**Stored data:**
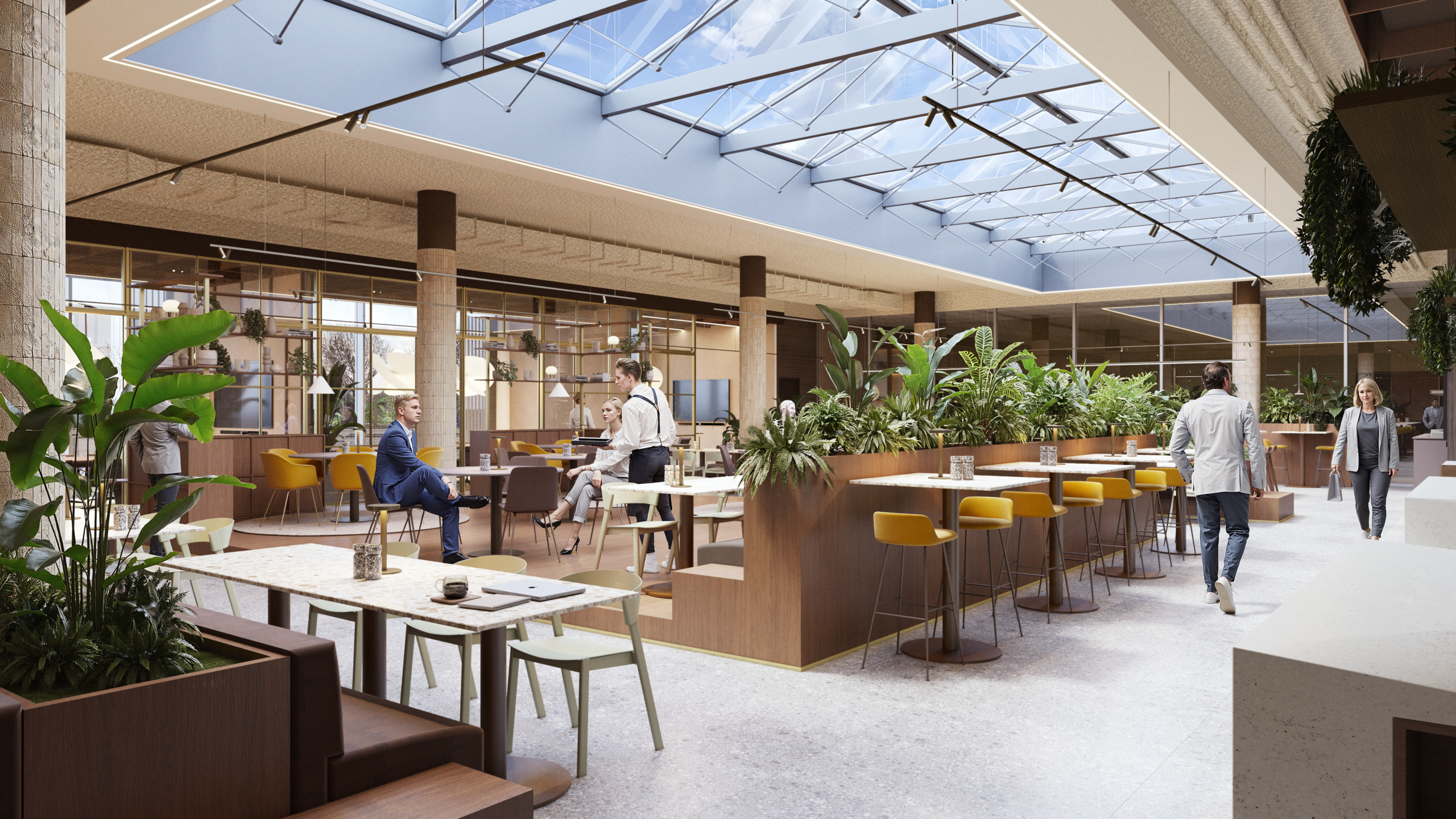 The brasserie is a place people enjoy returning to. Not only for lunch, but also for informal meetings and shared moments. Different seating arrangements support a variety of uses throughout the day, from short breaks to longer conversations. Integrated into the ground floor, the brasserie adds warmth and energy to the building’s daily rhythm.
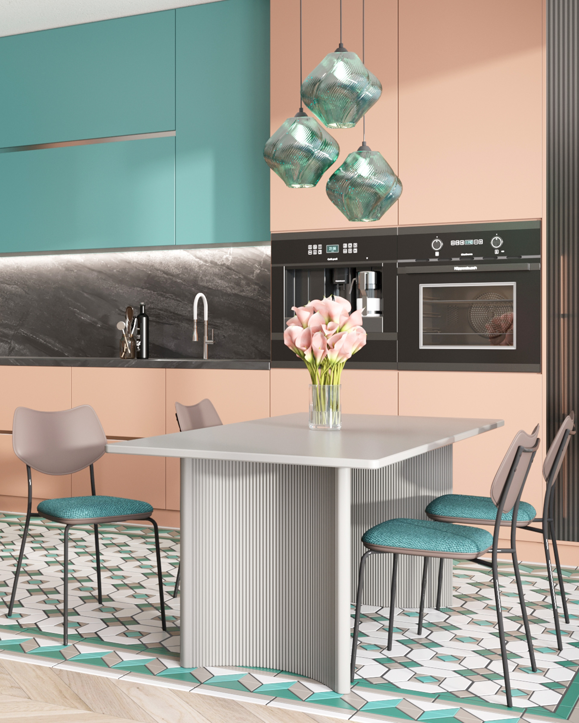 Современный стиль с характером. Модель выполнена в трендовой цветовой гамме, где зелёное стекло сочетается с чёрным металлическим основанием. Круглая форма плафона с плавными изгибами делает светильник стильным акцентом, уместным как в домашнем интерьере, так и в кафе, гостиницах или других общественных пространствах.
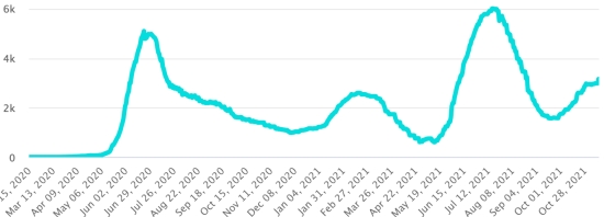 4th wave: The total of the 4th wave (beginning of September 20, 2021) amounts to 2,902 confirmed cases and 98 deaths . Cases tested since the start of the pandemic: 135,079 cases (+400 in 24 hours) latest data available. Note that the very low number of people tested does not statistically make it possible to make a representative estimate of the active cases of Covid-19 in Haiti. This also explains the low number of cases detected daily. By comparison, the neighboring Republic has carried out more than 2.3 million tests on its population since the start of the epidemic. TOP 5 most affected municipalities in the West (2021): Delmas: 2.493 (+30); Pétion ville 1,914 (+8); Port-au-Prince 1,340 (+4); Tabarre 1.098 (+20); Croix-des-Bouquets 1,756 (+23) Confirmed cases by department (2021): West: 9,187 cases (2020: 6,945 cases) North: 629 cases (2020: 677 cases) Center: 860 cases (2020: 508 cases) Artibonitis: 751 cases (2020: 593 cases) Northeast: 353 cases (2020: 314 cases) Southeast: 595 cases (2020: 274 cases) South: 663 cases (2020: 262 cases) Northwest: 331 cases (2020: 229 cases) Grand'Anse: 775 cases (2020: 176 cases) Nippes: 214 cases (2020: 149 cases) Cumulative deaths by department (2021): West: 237 deaths (2020: 104 deaths) North: 48 deaths (2020: 34 deaths) Center: 40 deaths (2020: 13 deaths) Artibonitis: 33 deaths (2020: 39 deaths) Northeast: 6 deaths (2020: 6 deaths) South: 44 deaths (2020: 6 deaths) Southeast: 13 deaths (2020: 9 deaths) Northwest: 15 deaths (2020: 12 deaths) Grand'Anse: 7 deaths (2020: 13 deaths) Nippes: 24 deaths (2020: 5 deaths) Distribution of deaths by age (since the start of the epidemic): 0-9 years: 13 deaths 10-19 years: 6 deaths 20-29 years: 25 deaths 30-39 years: 45 deaths 40-49 years: 73 deaths 50-59 years: 115 deaths (+1) 60-69 years: 161 deaths 70-79 years: 158 deaths (+1) 80 years and over: 112 deaths (+1) Vaccination: 135,256 (+12,095 in 6 days) doses of “Spikevax” vaccine (official name) from October 20, Laboratoire MODERNA have been injected in total in Haiti since July 16, 2021, date of the first injection. 39,676 people are fully vaccinated (2 doses). Update 31 October 2021, latest data available. List of 149 vaccination centers open in Haiti (and hours) by department: (update 20 October 2021) DIASPORA: Epidemiological situation: USA: * Case since the first case (March 9, 2020): 47,834,810 cases (+141,294 in 24 hours), the day before (+45,771) * Healings: 37,846,305 healings (+116,816 in 24 hours), the day before (+27,724) National Healing Rate: 79.11% (+) * Death: 782,933 deaths (+2,158 in 24 hours), the day before (+539) National mortality rate : 1.63% (=) * Active cases (less deaths and recoveries): 9,205,572 cases (+22,320), the day before (+17,508) * Tests: 719,087,944 people tested since the first case USA: Number of daily confirmed cases:

**What is needed:** Retype the full listing exactly; pictures stay out.

**Response for this exercise:**
 The brasserie is a place people enjoy returning to. Not only for lunch, but also for informal meetings and shared moments. Different seating arrangements support a variety of uses throughout the day, from short breaks to longer conversations. Integrated into the ground floor, the brasserie adds warmth and energy to the building’s daily rhythm.
 Современный стиль с характером. Модель выполнена в трендовой цветовой гамме, где зелёное стекло сочетается с чёрным металлическим основанием. Круглая форма плафона с плавными изгибами делает светильник стильным акцентом, уместным как в домашнем интерьере, так и в кафе, гостиницах или других общественных пространствах.
 4th wave: The total of the 4th wave (beginning of September 20, 2021) amounts to 2,902 confirmed cases and 98 deaths . Cases tested since the start of the pandemic: 135,079 cases (+400 in 24 hours) latest data available. Note that the very low number of people tested does not statistically make it possible to make a representative estimate of the active cases of Covid-19 in Haiti. This also explains the low number of cases detected daily. By comparison, the neighboring Republic has carried out more than 2.3 million tests on its population since the start of the epidemic. TOP 5 most affected municipalities in the West (2021): Delmas: 2.493 (+30); Pétion ville 1,914 (+8); Port-au-Prince 1,340 (+4); Tabarre 1.098 (+20); Croix-des-Bouquets 1,756 (+23) Confirmed cases by department (2021): West: 9,187 cases (2020: 6,945 cases) North: 629 cases (2020: 677 cases) Center: 860 cases (2020: 508 cases) Artibonitis: 751 cases (2020: 593 cases) Northeast: 353 cases (2020: 314 cases) Southeast: 595 cases (2020: 274 cases) South: 663 cases (2020: 262 cases) Northwest: 331 cases (2020: 229 cases) Grand'Anse: 775 cases (2020: 176 cases) Nippes: 214 cases (2020: 149 cases) Cumulative deaths by department (2021): West: 237 deaths (2020: 104 deaths) North: 48 deaths (2020: 34 deaths) Center: 40 deaths (2020: 13 deaths) Artibonitis: 33 deaths (2020: 39 deaths) Northeast: 6 deaths (2020: 6 deaths) South: 44 deaths (2020: 6 deaths) Southeast: 13 deaths (2020: 9 deaths) Northwest: 15 deaths (2020: 12 deaths) Grand'Anse: 7 deaths (2020: 13 deaths) Nippes: 24 deaths (2020: 5 deaths) Distribution of deaths by age (since the start of the epidemic): 0-9 years: 13 deaths 10-19 years: 6 deaths 20-29 years: 25 deaths 30-39 years: 45 deaths 40-49 years: 73 deaths 50-59 years: 115 deaths (+1) 60-69 years: 161 deaths 70-79 years: 158 deaths (+1) 80 years and over: 112 deaths (+1) Vaccination: 135,256 (+12,095 in 6 days) doses of “Spikevax” vaccine (official name) from October 20, Laboratoire MODERNA have been injected in total in Haiti since July 16, 2021, date of the first injection. 39,676 people are fully vaccinated (2 doses). Update 31 October 2021, latest data available. List of 149 vaccination centers open in Haiti (and hours) by department: (update 20 October 2021) DIASPORA: Epidemiological situation: USA: * Case since the first case (March 9, 2020): 47,834,810 cases (+141,294 in 24 hours), the day before (+45,771) * Healings: 37,846,305 healings (+116,816 in 24 hours), the day before (+27,724) National Healing Rate: 79.11% (+) * Death: 782,933 deaths (+2,158 in 24 hours), the day before (+539) National mortality rate : 1.63% (=) * Active cases (less deaths and recoveries): 9,205,572 cases (+22,320), the day before (+17,508) * Tests: 719,087,944 people tested since the first case USA: Number of daily confirmed cases:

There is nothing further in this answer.